The Senator, who has built a reputation as a tireless promoter of individual freedom and small government, now chairs Frontiers of Freedom, a non-profit organization he established in January of 1995 immediately after retiring from the Senate. In its first year, Frontiers of Freedom established itself as a public policy organization with an edge. Its agenda includes preservation of property rights and reform of the Endangered Species Act, the privatization of Social Security, protection of civil liberties and the defeat of such big government initiatives as the antiterrorism bill and the national ID card legislation, and reform of the Food and Drug Administration. In February, he established the Frontiers of Freedom Institute, a 501 (c)(3), designed to study and research issues pertaining to limited government and Constitutional freedoms.
Wallop sits on the boards of Hubbell, Inc., El Paso Energy Company, and Sheridan State Bank.
In February of 1996, Steve Forbes asked Senator Wallop to be the General Chairman and Executive Director of his presidential bid. The immediate affect of his arrival led to specific changes in strategy and tactics which, in turn, led to primary victories in both Delaware and Arizona.

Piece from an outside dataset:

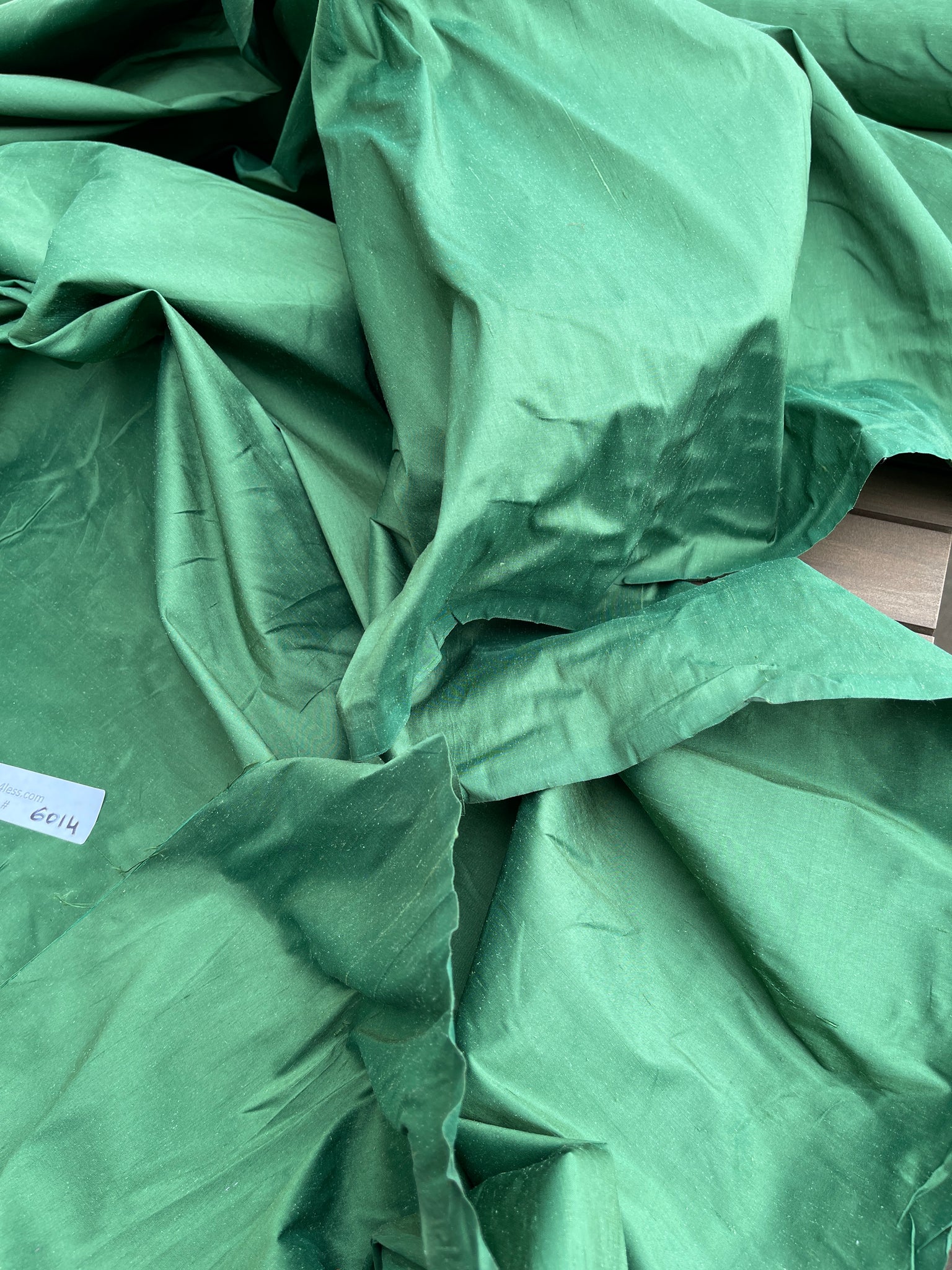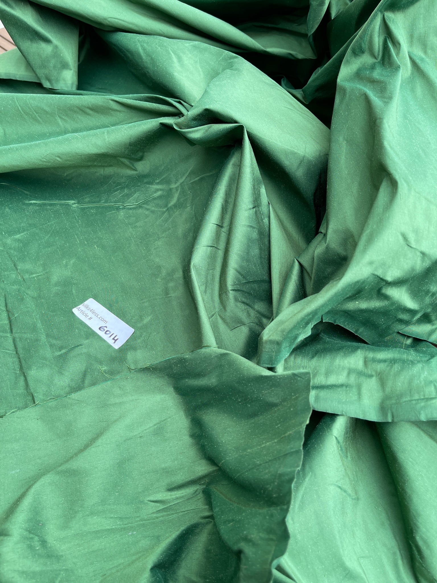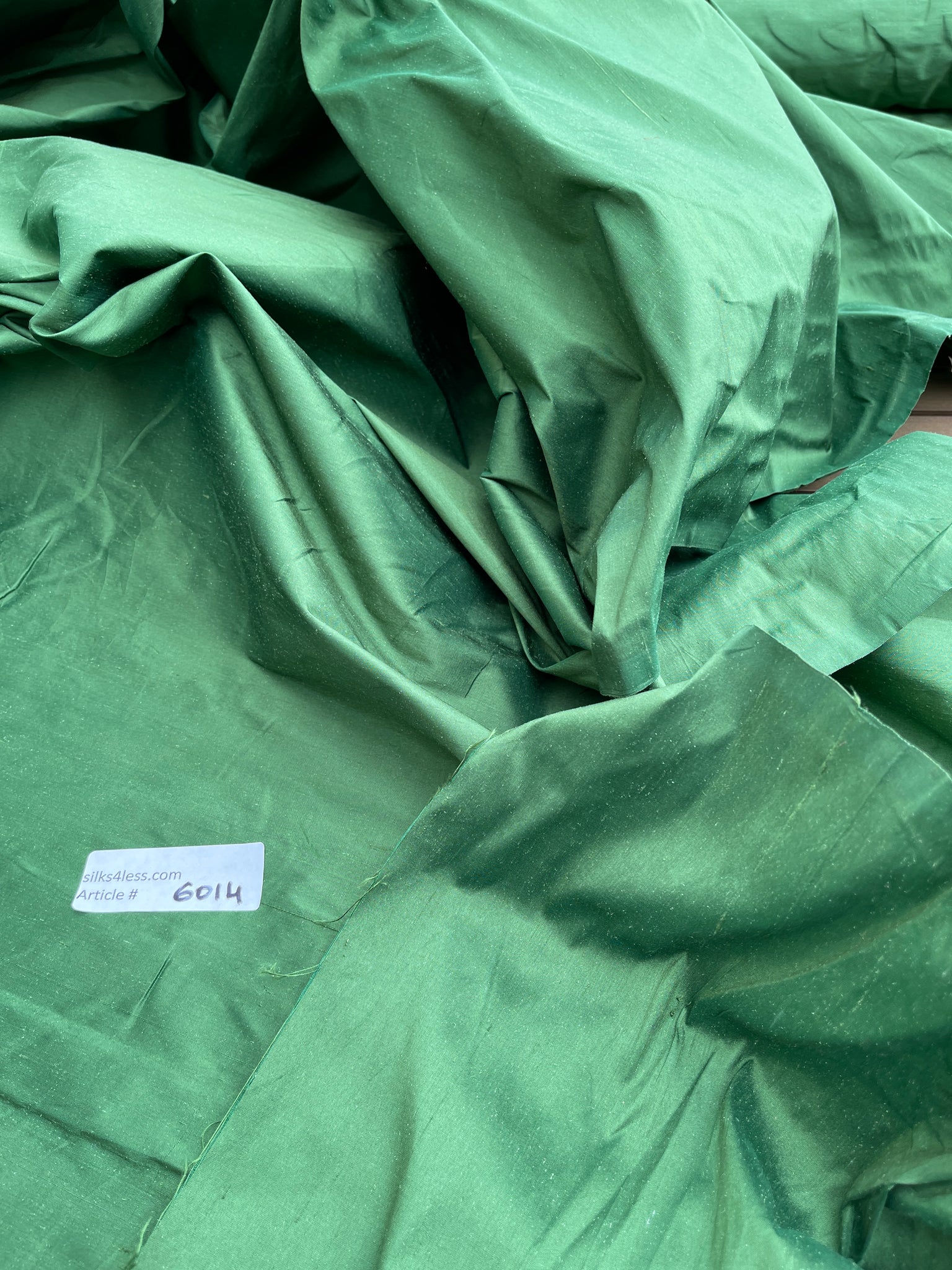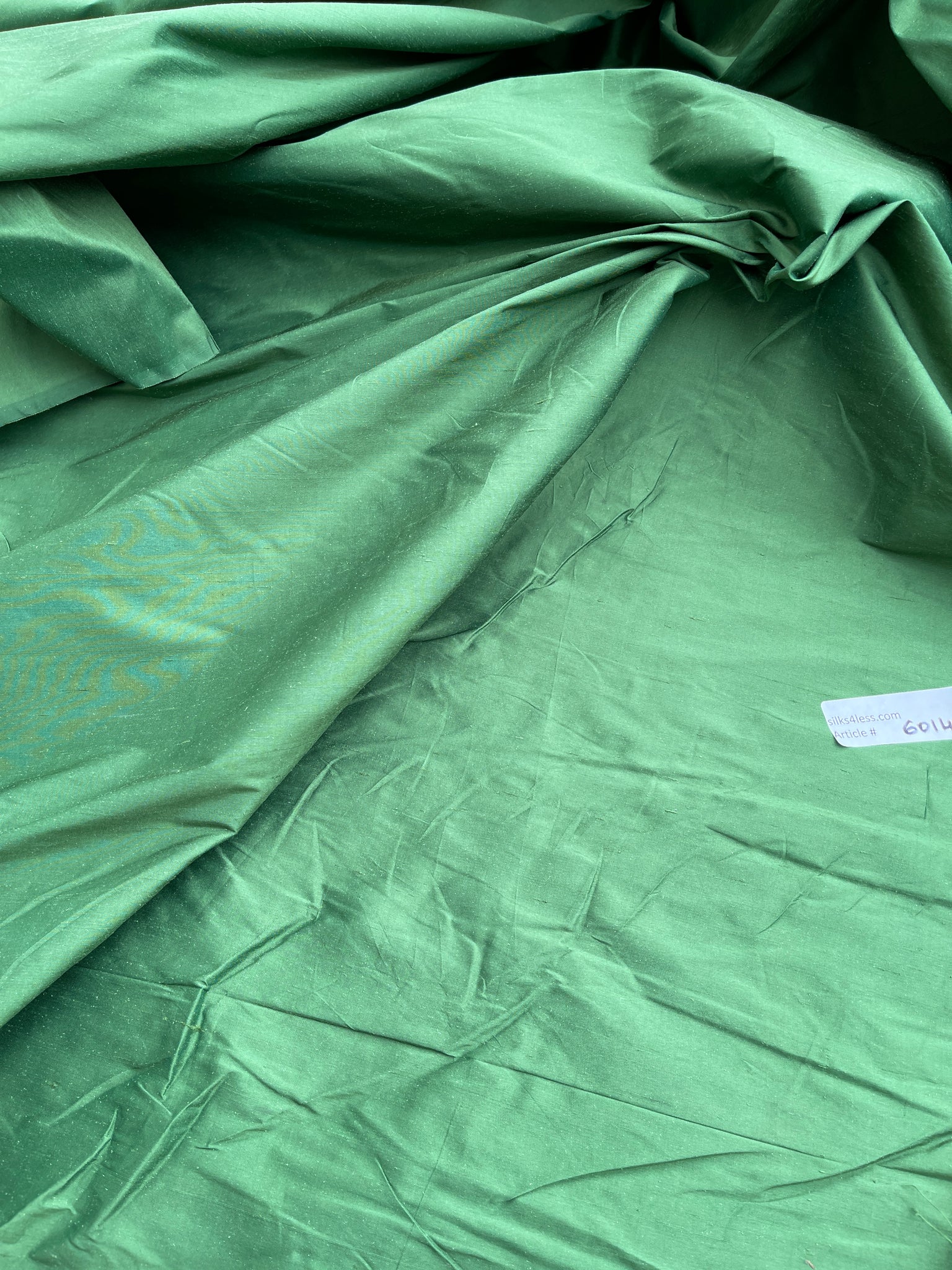 Great feel and body to this silk shantung, medium weight, high quality fabrics, shade # Moss Green, combination of Dark Green color yarns in the warp and Green color yarns in the weft.

Graduating from Yale University in 1954 with a Bachelor of Arts degree, Senator Wallop served in the US Army as a First Lieutenant from 1955 to 1957 and was a member of the Wyoming Legislature from 1969 to 1976. His extensive business career includes management of the Wyoming ranch holdings he owns and establishment of a feedlot. He jointly ventured oil and gas development projects in Nebraska, Montana and Wyoming. Senator Wallop was an active real estate developer and investor. He continues to be a Wyoming rancher, businessman, and international consultant.